2.6. Op 31 oktober 2001 heeft de politie de woning en de horecagelegenheid van belanghebbende doorzocht in het kader van een gerechtelijk vooronderzoek tegen belanghebbende. Daarbij werden hoeveelheden hasj, hennep, paddo’s en € 40.149,78 contant geld aangetroffen en in beslag genomen. Het proces-verbaal van doorzoeking ter inbeslagneming en de daarbij behorende lijst van in beslaggenomen goederen in de zaak en in de woning van belanghebbende behoort tot de gedingstukken.
2.7. Belanghebbende is op 4 november 2001 door de politie verhoord en heeft toen onder andere het volgende verklaard:
“(…) Ik heb 15 jaar gewerkt in de havens en daar heb ik goed verdiend. Ik was toen grensarbeider. Ik profiteerde van de lage sociale premies welke ik betaalde in Belgie en van de lage loonbelasting welke ik betaalde in Nederland. Ik had al van 1987 een goed inkomen. Ik verdiende toch toen al 3000 gulden per maand netto en later toch wel 5000 gulden per maand netto (…)”
2.8. Belanghebbende heeft met dagtekening 15 januari 2002 aan de ontvanger van de Belastingdienst een brief verzonden aangaande de openstaande aanslagen inkomstenbelasting en premie volksverzekeringen 2000 en 2001. In de brief staat onder andere:
“De heer [de heer] had voor de belastingdienst gelden gereserveerd. Deze gelden bewaarde hij in zijn woning. Op 31 oktober 2001 zijn deze gelden echter door justitie te [woonplaats] in beslag genomen. De lijst van inbeslaggenomen goederen treft u bijgaand in kopie aan. Aangezien de belastingdienst een preferent schuldeiser is, verzoek ik u hierbij over te gaan tot het leggen van executoriaal beslag onder justitie."
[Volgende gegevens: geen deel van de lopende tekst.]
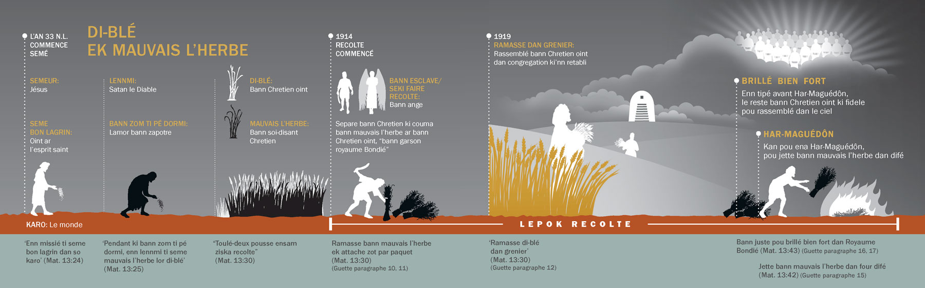 2 Bann l’evenement ki arrivé dan karo sa planteur-la montré couma ek kan Jésus ti pou rassemblé parmi l’humanité, tou seki represente di-blé, setadir bann Chretien oint ki pou regne avek li dan so Royaume. Ti commence seme bann lagrin di-blé jour la Pentecôte l’an 33 Nou Lepok. Rassemblement tou bann Chretien oint pou fini kan bann oint ki ankor lor later pendant lafin sa systeme-la pou scellé dan enn fason definitif ek lerla zot pou al dan le ciel. (Mat. 24:31; Rév. 7:1-4) Pareil couma enn dimoune ki la-haut lor enn montagne trouve tou seki autour li, alors sa parabole-la aide nou pou comprend pli bien bann l’evenement ki ti pou arrivé pendant enn periode apepré 2,000 an. Couma sa parabole-la faire nou comprend bann l’evenement ki arrivé en rapport avek Royaume Bondié? Sa parabole-la decrire enn lepok kot seme bann lagrin, bann lagrin-la poussé, ek recolté zot. Sa lartik-la pou mette l’accent surtout lor lepok recolte.a
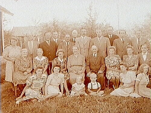 Släktgrupp tjugotre vuxna och två barn.
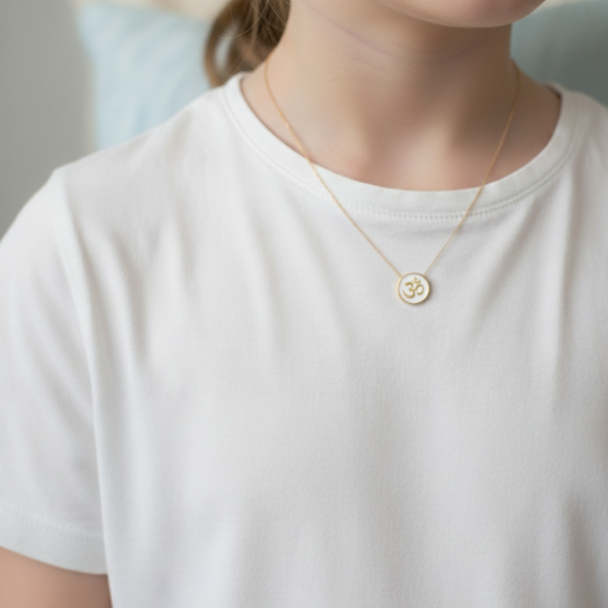 Elegant white enamelled Om necklace for kids, handcrafted in pure 92.5 sterling silver with a luxurious 18k gold finish. Hypoallergenic and perfect for everyday blessings. Pair it with matching ear studs from our collection for a complete look.
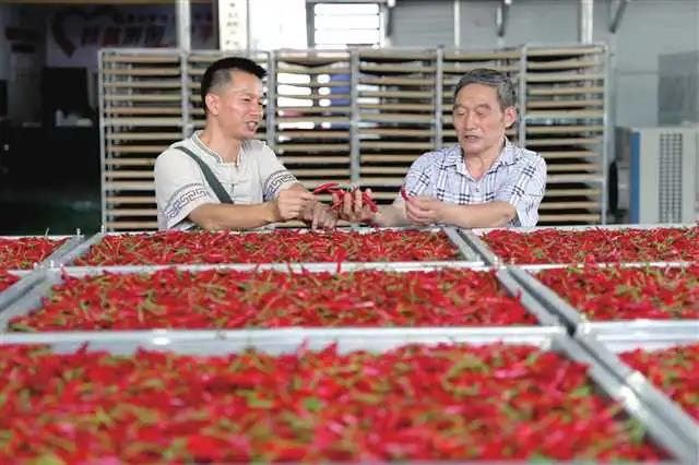 两江新区派驻彭水大垭乡大垭村第一书记陈睦彪查看辣椒收购烘烤情况
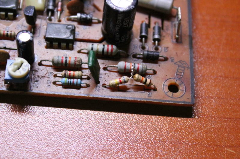 首先從三極管開始,全部通過;接下來是電解電容,全部通過;坑爹啊,到了電阻,這一堆……真的得全部都玩一遍???兩只超大電阻過后,情況終于出現轉機,一顆色環為“紅橙黑紅銀”的電阻兩邊阻值無窮大----嘿嘿,還不把你抓出來。
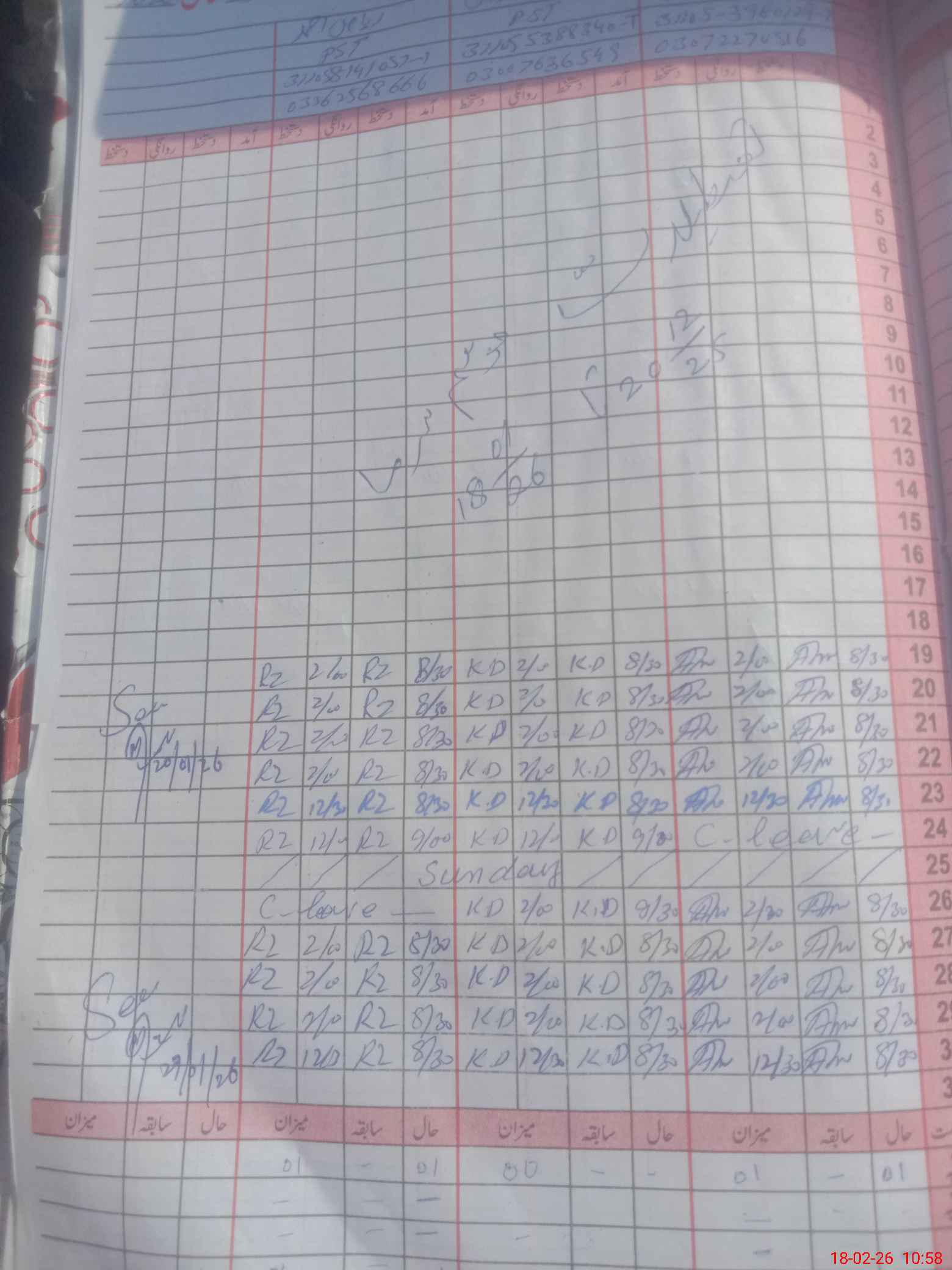 | CNIC | Full Name | Designation | R/C | Absence during last cal. month |
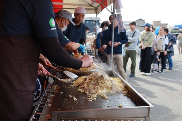 お昼時にはフードコーナーが賑わい、生協職員の「あったか食堂」では焼きそばの屋台に行列ができるほどでした!ほかにもクレープやフランクフルトなどをご提供し、来場者のみなさんは思い思いのフードを手に、家族でシェアしながら食事のひとときを過ごされていました。
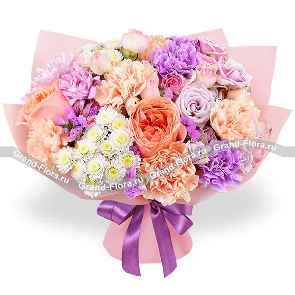 Стандартный: роза персиковая - 2 шт.,гвоздика персиковая - 5 шт., гвоздика фиолетовая - 2 шт., роза кустовая розовая - 2 шт., роза кустовая фиолетовая - 2 шт., хризантема кустовая ромашковая фиолетовая - 2 шт., хризантема сантини - 2 шт., статица, упаковка, лента. Примерный размер: 35Х35 см.
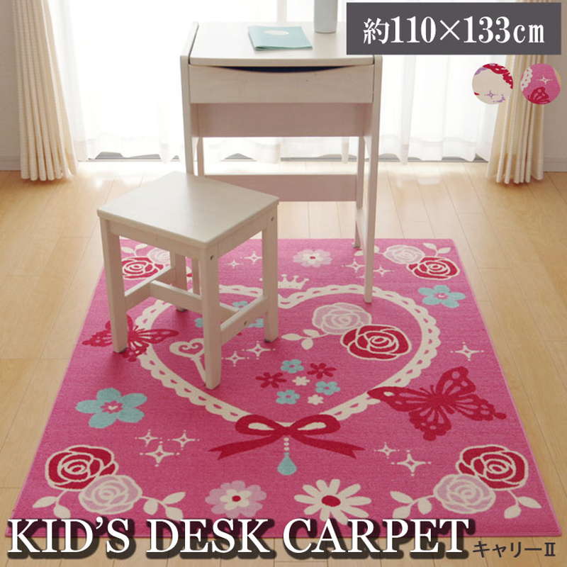 ■デスクカーペット デスクマット 学習机 足元マット 110×133cm ラグ ルームマット 女の子 子供部屋 キズ防止 可愛い ハート 花柄

2.9. Op 29 mei 2002 heeft het Bureau Bijzondere Recherche Expertise van de regionale eenheid van de regiopolitie te [woonplaats] in verband met een Strafrechtelijk Financieel Onderzoek tegen belanghebbende een financieel rapport (hierna: het politierapport) opgemaakt waarin zij verslag doet van het onderzoek dat zij heeft ingesteld naar het voordeel dat belanghebbende heeft behaald bij het handelen in softdrugs en harddrugs. Het wederrechtelijk verkregen voordeel over de periode 1 december 1999 tot en met 31 oktober 2001 uit de verkoop van paddenstoelen is berekend op € 33.836,58. Blijkens het politierapport volgt dit bedrag uit de boekhouding van belanghebbende. Het voordeel uit verkoop van de overige drugs (hennep en hasj) wordt in het rapport becijferd op € 109.353,48. Het bedrag van € 109.353,48 is de resultante van de kasopstelling, waaronder de contante opnamen uit de onderneming en de contante stortingen en opnamen van bankrekeningen in België en Nederland. In dat onderzoek zijn de bankrekeningen van belanghebbende en zijn gezin in Nederland over de gehele periode onderzocht. Van de bankrekening in België zijn de afschriften van de periode januari 2001 tot en met 3 maart 2001 in het onderzoek betrokken. Tevens is bij het bepalen van het wederrechterlijk verkregen voordeel rekening gehouden met de in de onderzochte periode aangeschafte duurzame gebruiksgoederen en de consumptieve bestedingen van het gezin naar de maatstaven van het Nibud. Het totaal aan wederrechtelijk verkregen inkomsten wordt in het politierapport berekend op € 143.190,06. Een afschrift van het politierapport behoort tot de gedingstukken.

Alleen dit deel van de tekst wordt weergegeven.